Finding childhood source material is truly challenging

Palmquist:
I was just sort of curious about changing perspectives on the value of children’s voices. Do you think that they were hard to find because, for a long time, people just didn’t think that children had much to share, so they didn’t save them? What’s your sense about that?

del Moral:
Well, they were hard to find because childhood itself is not a category of analysis in the organization of archives.

Palmquist:
So it continues to be an issue.

Sánchez-Eppler:
When I started writing Dependent States, I used a lot of children’s diaries. And I would go to the Library of Congress and say, “I would like to look at your children’s diaries,” and they would say, “We don’t have any children’s diaries.” And then you would sit down and find people’s ages and you would do subtraction and figure out, “All right. This is someone who was 10 years old when they….”

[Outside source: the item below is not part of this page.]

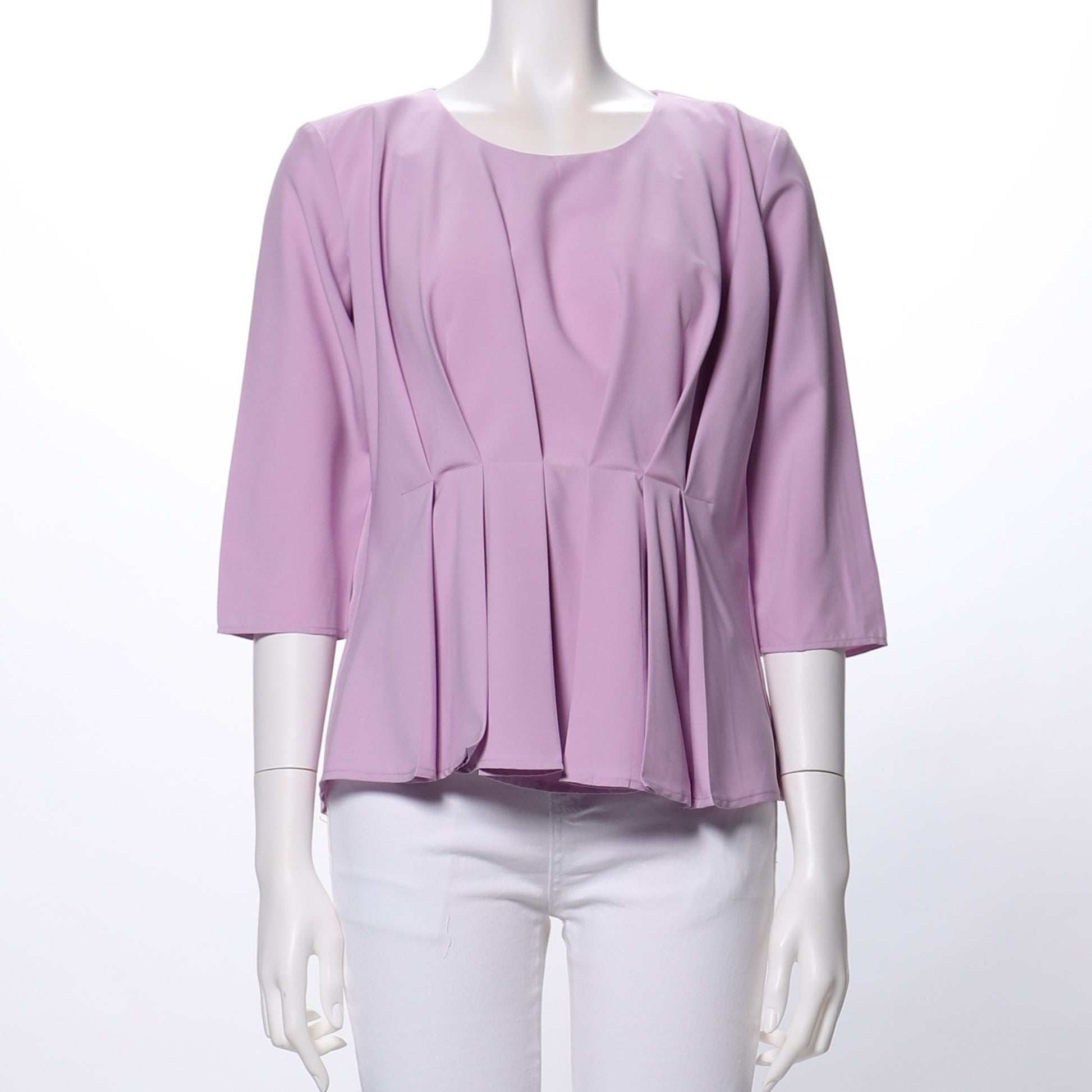 ペプラムデザインのラウンドネックブラウス。タイトスカートを合わせてレディライクコーデや、ワイドパンツを合わせて甘辛ミックスコーデも良いですね!

I think of it as like doing women’s studies in the ’70s, where, again, you are finding systems weren’t structured by gender. So you were guessing on the basis of people’s first names. “Is this a woman, right?” So, in a similar kind of way, you have to figure out people’s ages. The materials are collected for some other adult participant, but then there’ll be this kind of childhood detritus that comes along with it.

I think it’s a particular thing about Marín, that in his brand of populism, that the children wrote to him and that the government made a box of those, right?

del Moral:
Well, he was a popular governor, so they saw him as the father of the nation and so they appealed to him in that capacity. It was always familial. Purdue has an excellent photographic collection in the general archive for the 1940s and ’50s, because the government was going through a stage of industrialization and modernization. The intention of the photographs, state-sponsored, was to document progress, right? So, let’s document the building of schools as they transition from wood to cement buildings. Let’s document the building of homes, public schools, health clinics, new neighborhoods. It was about cement. Cement was modernization.

So I went through all the photographs and when there was a school building, there’s children on the corner. If there’s a health clinic, there are mothers and children lining up. If it’s about workers, there are children who are bootblacks or newspaper vendors or they’re washing cars. If it’s about this magnificent new cement street, there are children playing or working in the streets.

Children were everywhere. But it was not a category. So then I realized I just have to adjust my lens and I have to think, “Where would the children be?”

Sánchez-Eppler:
When we were editing the journal, I felt like part of my job was to look at what people were doing and say, “You know, that really is about children, right?” There are children in it, but it wasn’t how people were conceptualizing or organizing that work. And I think that is, in part, historical, and it’s also a status thing: it doesn’t feel as important to say that it’s about children as to say it’s about cement. Or modernization, I guess.

Whittemore:
Carrie, you have been studying preschoolers, so you don’t even have the virtue of accessing letters being written.

Palmquist:
No, they’re not very good writers.

Whittemore:
So, that poses its own challenges, I’m sure.

Palmquist:
Sure. Yeah, I think part of why I was curious and asked Solsi that question, about whether [lack of childhood as a category] has some sort of value judgment about childhood, was that we have to design studies to tap into what children are thinking about before they can really explicitly talk about their thought processes in a sort of meta way. This can often come across as very simplistic to adults. Very game-like.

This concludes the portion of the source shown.